The only familiar item here is the space index 8 that is represented by the hexa 20 decimal 32 as in the other cases.

The letter ש is the first character, on the right-hand side of the text. It is represented by d7 a9 (decimal 55209). See it here.

Then comes ל the second character from the right. It is d7 9c (decimal 55196). See here

Korean, Japanese, Chinese, Thai, Urdu, ...

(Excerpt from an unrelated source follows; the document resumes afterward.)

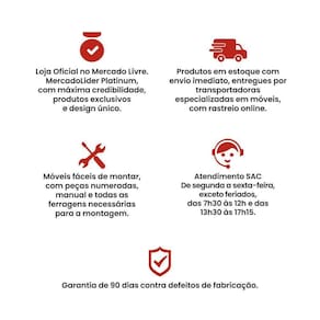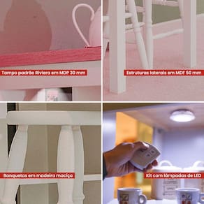 * APÓS O PEDIDO FINALIZADO, NÃO ACEITAMOS TROCA DE COR DO PRODUTO E NEM ALTERAÇÃO DE ENDEREÇO DE ENTREGA.FOTOS DOS PRODUTOS REAIS.Transforme sua cozinha com a elegante e funcional Bancada de Cozinha Gourmet Ditália, acompanhada de duas banquetas e um kit luz com 3 lâmpadas de LED de 5 watts cada e 1 controle remoto. Essa bancada de cozinha oferece não apenas um visual deslumbrante, mas também uma organização impecável.Com três prateleiras capazes de suportar até 5 kg cada e um tampo resistente que suporta até 30 kg, ela é prática, funcional e segura, além de acomodar utensílios domésticos, objetos decorativos e bebidas, a bancada proporciona momentos agradáveis de preparação de alimentos e descontração, reunindo as pessoas queridas ao redor de um espaço acolhedor. Com acesso facilitado às três prateleiras em um dos lados e espaço para duas banquetas no outro, essa bancada gourmet é perfeita para atender a todas as suas necessidades. CARACTERÍSTICAS DA BANCADA- Estrutura em MDP 15 mm com revestimento em pintura UV fosca.- Estruturas laterais em MDF 50 mm, super-resistentes.- Tampo padrão Riviera (tom de cor bege claro) em MDP 30 mm, com revestimento em melamina, ideal para manipular alimentos.- Base superior suporta até 30 kg.- Possui 3 prateleiras que suportam até 5 kg cada.- Peso: 23,40 kg- Largura: 90 cm- Altura: 91 cm- Profundidade: 60 cmCARACTERÍSTICAS DA BANQUETA (UNIDADE)- Madeira maciça de eucalipto- Peso: 3 kg- Largura da base: 38 cm- Altura: 76 cm- Diâmetro assento: 29 cmKIT LUZ- Kit com 3 lâmpadas de LED de 5 watts cada e 1 controle remoto.- 2 níveis de ajuste de brilho, timer de 30 minutos e botão liga/desliga via controle remoto.- É possível também ligar e desligar tocando no interruptor diretamente na lente das luzes.- Fácil fixação com adesivo dupla face.- Alimentado por pilhas AAA (JÁ INCLUIDAS).- Dimensão das lâmpadas: 9x7x2,1 cm.- Dimensão do controle remoto: 8x5,9x1,5 cm.Acompanha kit ferragens e manual de montagem (montagem não inclusa).Este produto é vendido desmontado em 4 volumes, embalados em caixa de papelão com isopor nas laterais e revestidos com plásticos termoencolhível.A fixação é feita por girofix, cavilhas e parafusos, não é necessário parafusar na parede.1 - O produto é entregue montado?Resposta: Nossos produtos são entregues desmontados. Os móveis são acompanhados de todos componentes necessários (manual de montagem, parafusos, pregos, puxadores e etc..) para que possam ser montados com facilidade.2 - Vocês oferecem serviço de montagem?Resposta: Não disponibilizamos este serviço.3 - Qual o valor da entrega?Resposta: O valor referente a entrega dependerá do destino final da mercadoria, para calcular o valor, é considerado o CEP do consumidor.4 - Os produtos são novos?Resposta: Sim, trabalhamos apenas com produtos novos.5 - Vocês atendem todos os estados do Brasil?Resposta: Sim, enviamos nossos produtos para todo o Brasil.6- Acompanha as banquetas?Resposta: Sim, acompanham duas banquetas.7- Acompanha kit luz?Resposta: Sim, acompanha o kit luz com um controle remoto.LIMPEZALimpar utilizando apenas pano umedecido com água, nunca utilizar abrasivos ou esponjas de aço.GARANTIAGarantia de 3 meses (contra defeitos de fabricação).OBSERVAÇÕES- Montar o móvel com o produto virado de costas, para montagem, forrar o chão com o papelão das embalagens.- Não expor o móvel a fontes de calor ou de umidade.- As imagens indicam uma sugestão de uso e são apenas ilustrativas, os objetos decorativos não estão inclusos.- As cores dos produtos podem variar devido à reprodução sobre a tela do dispositivo.

I won't go into that as I am not familiar with either of those

Emojies

However emojies are very common and well understood. Sort of.

examples/emojies.txt

👷👸👹👺👻✍👼👽👾👿💀💁💂

$ xxd -c 1 -d examples/emojies.txt
00000000: f0  .
00000001: 9f  .
00000002: 91  .
00000003: b7  .
00000004: f0  .
00000005: 9f  .
00000006: 91  .
00000007: b8  .
00000008: f0  .
00000009: 9f  .
00000010: 91  .
00000011: b9  .
00000012: f0  .
00000013: 9f  .
00000014: 91  .
00000015: ba  .
00000016: f0  .
00000017: 9f  .
00000018: 91  .
00000019: bb  .
00000020: e2  .
00000021: 9c  .
00000022: 8d  .
00000023: f0  .
00000024: 9f  .
00000025: 91  .
00000026: bc  .
00000027: f0  .
00000028: 9f  .
00000029: 91  .
00000030: bd  .
00000031: f0  .
00000032: 9f  .
00000033: 91  .
00000034: be  .
00000035: f0  .
00000036: 9f  .
00000037: 91  .
00000038: bf  .
00000039: f0  .
00000040: 9f  .
00000041: 92  .
00000042: 80  .
00000043: f0  .
00000044: 9f  .
00000045: 92  .
00000046: 81  .
00000047: f0  .
00000048: 9f  .
00000049: 92  .
00000050: 82  .

The first one is apparently called construction worker It is represented by 4 bytes. In hexa: F0 9F 91 B7 (in decimal 4,036,989,367. Yes that's a big number).

The rest are similar.

Unicode Table

You can copy any character, including an emoji from this article or from elsewhere and paste it in the search form of the Unicode table to find the information about it.

Conclusion

There is a lot more to say about representation of content in files, both historically and the current best practices, but I think this will be enough for now. I'll cover some related subjects later on.